• Task statement:
Leave the pictures out. Return the rest of the listing below exactly.

• Data excerpts:
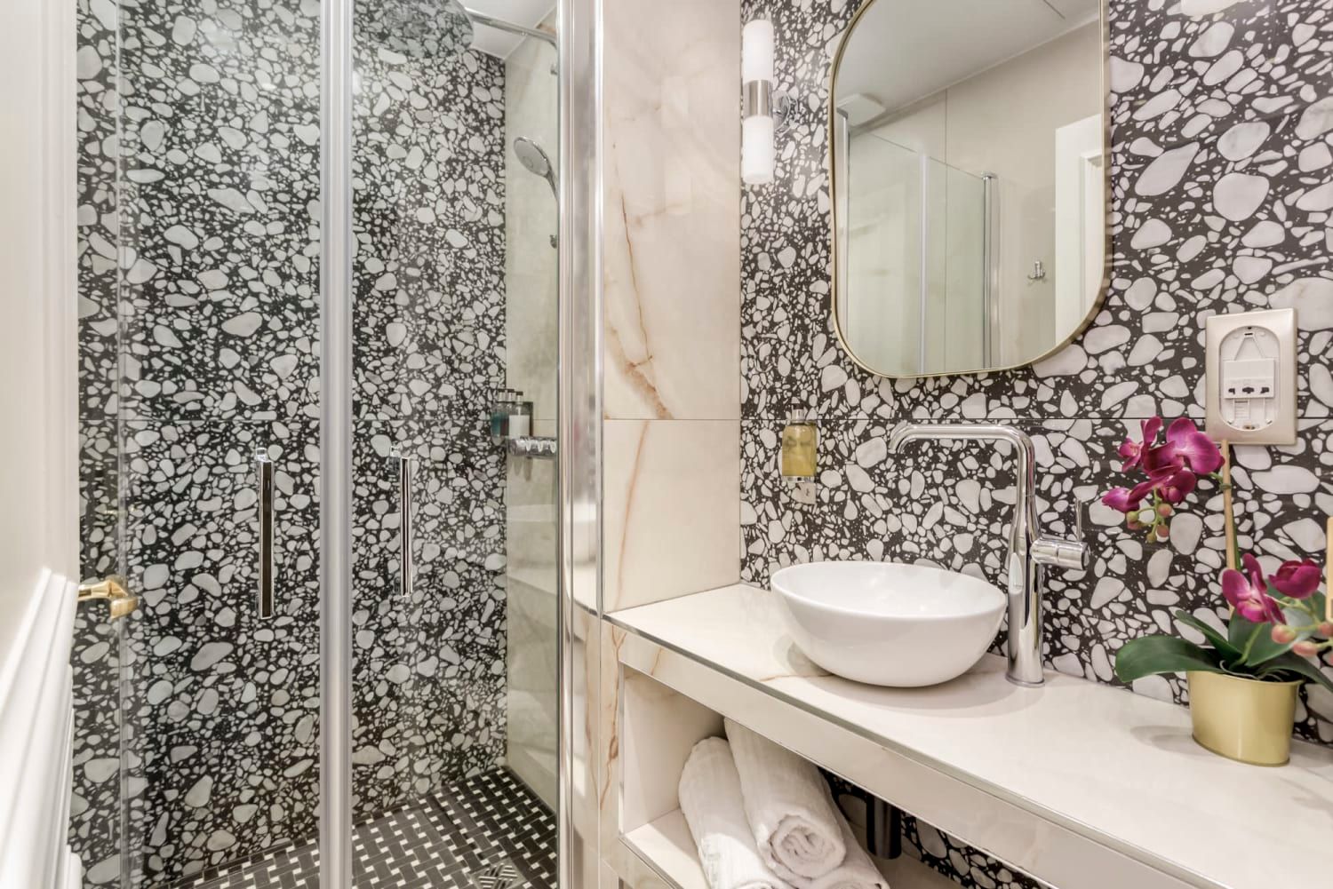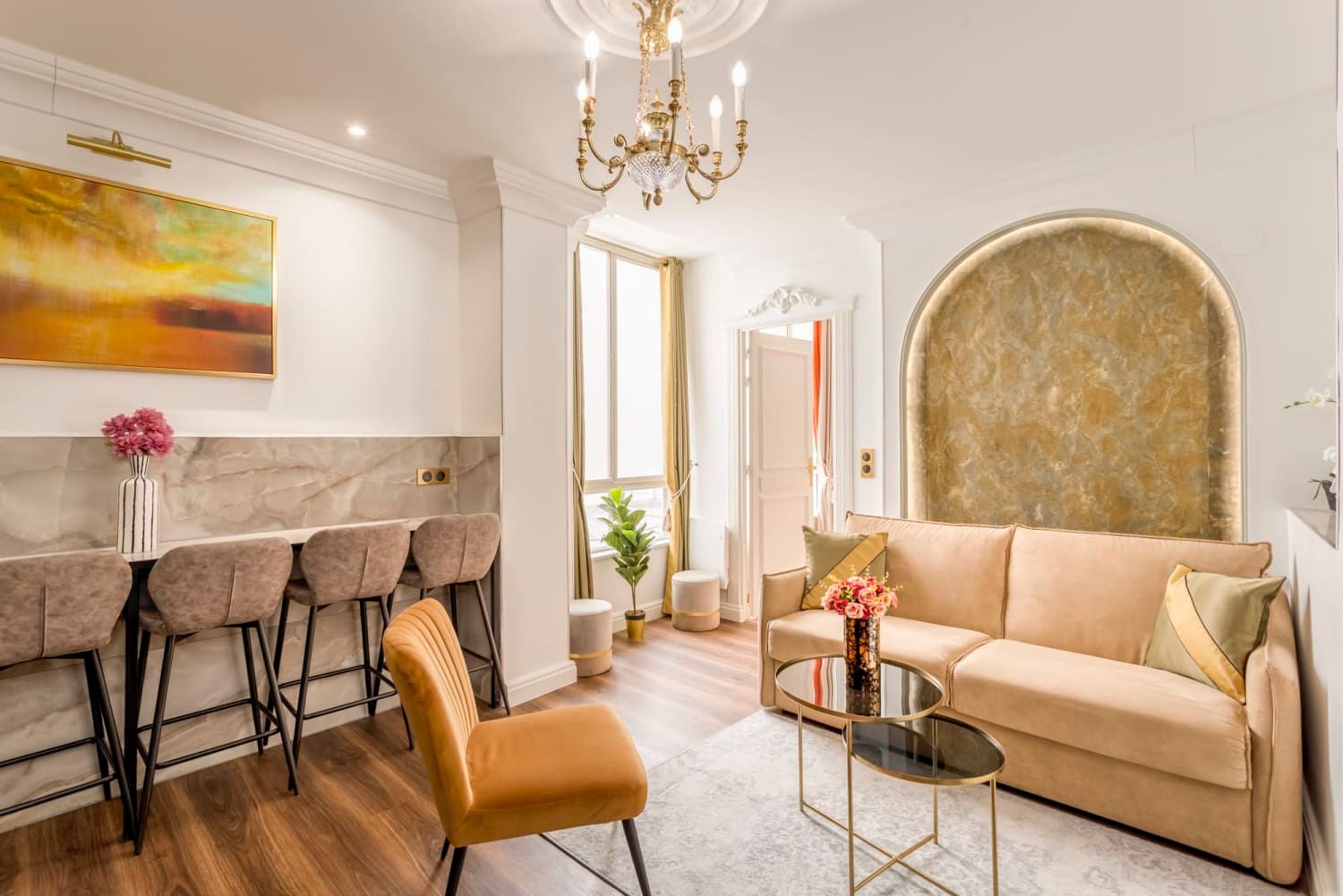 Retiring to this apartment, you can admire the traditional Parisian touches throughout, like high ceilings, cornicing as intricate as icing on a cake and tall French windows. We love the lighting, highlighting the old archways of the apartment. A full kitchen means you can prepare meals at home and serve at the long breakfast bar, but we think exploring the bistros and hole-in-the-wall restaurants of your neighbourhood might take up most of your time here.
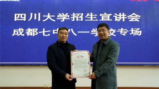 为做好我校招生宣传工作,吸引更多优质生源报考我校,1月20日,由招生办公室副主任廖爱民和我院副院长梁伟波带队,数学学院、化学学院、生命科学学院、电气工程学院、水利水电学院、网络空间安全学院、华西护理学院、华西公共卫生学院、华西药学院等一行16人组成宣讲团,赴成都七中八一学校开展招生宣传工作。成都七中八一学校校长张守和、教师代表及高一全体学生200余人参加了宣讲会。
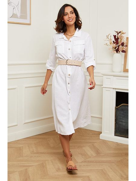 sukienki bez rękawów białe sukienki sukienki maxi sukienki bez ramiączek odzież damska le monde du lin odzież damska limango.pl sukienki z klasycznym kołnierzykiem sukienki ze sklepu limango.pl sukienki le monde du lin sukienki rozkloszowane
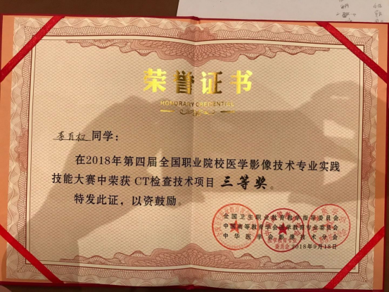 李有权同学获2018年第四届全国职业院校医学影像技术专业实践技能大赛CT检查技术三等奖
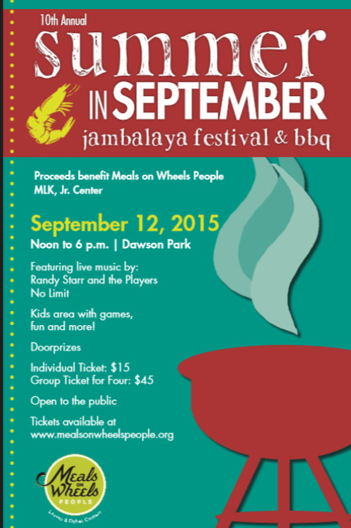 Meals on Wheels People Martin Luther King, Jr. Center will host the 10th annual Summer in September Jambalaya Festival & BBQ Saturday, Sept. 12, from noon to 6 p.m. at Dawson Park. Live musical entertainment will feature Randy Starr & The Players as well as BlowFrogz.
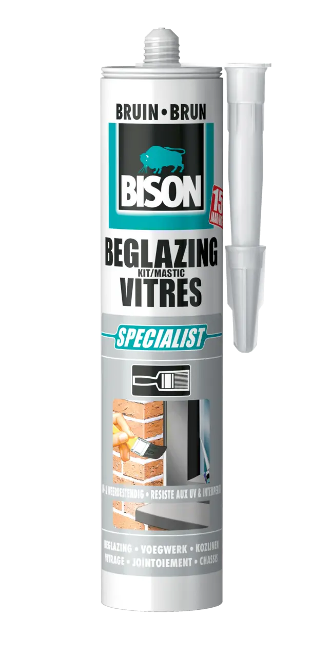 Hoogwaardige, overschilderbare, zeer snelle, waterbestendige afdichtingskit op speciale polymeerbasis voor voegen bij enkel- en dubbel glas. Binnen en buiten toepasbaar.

• Solution for this exercise:
 Retiring to this apartment, you can admire the traditional Parisian touches throughout, like high ceilings, cornicing as intricate as icing on a cake and tall French windows. We love the lighting, highlighting the old archways of the apartment. A full kitchen means you can prepare meals at home and serve at the long breakfast bar, but we think exploring the bistros and hole-in-the-wall restaurants of your neighbourhood might take up most of your time here.
 为做好我校招生宣传工作,吸引更多优质生源报考我校,1月20日,由招生办公室副主任廖爱民和我院副院长梁伟波带队,数学学院、化学学院、生命科学学院、电气工程学院、水利水电学院、网络空间安全学院、华西护理学院、华西公共卫生学院、华西药学院等一行16人组成宣讲团,赴成都七中八一学校开展招生宣传工作。成都七中八一学校校长张守和、教师代表及高一全体学生200余人参加了宣讲会。
 sukienki bez rękawów białe sukienki sukienki maxi sukienki bez ramiączek odzież damska le monde du lin odzież damska limango.pl sukienki z klasycznym kołnierzykiem sukienki ze sklepu limango.pl sukienki le monde du lin sukienki rozkloszowane
 李有权同学获2018年第四届全国职业院校医学影像技术专业实践技能大赛CT检查技术三等奖
 Meals on Wheels People Martin Luther King, Jr. Center will host the 10th annual Summer in September Jambalaya Festival & BBQ Saturday, Sept. 12, from noon to 6 p.m. at Dawson Park. Live musical entertainment will feature Randy Starr & The Players as well as BlowFrogz.
 Hoogwaardige, overschilderbare, zeer snelle, waterbestendige afdichtingskit op speciale polymeerbasis voor voegen bij enkel- en dubbel glas. Binnen en buiten toepasbaar.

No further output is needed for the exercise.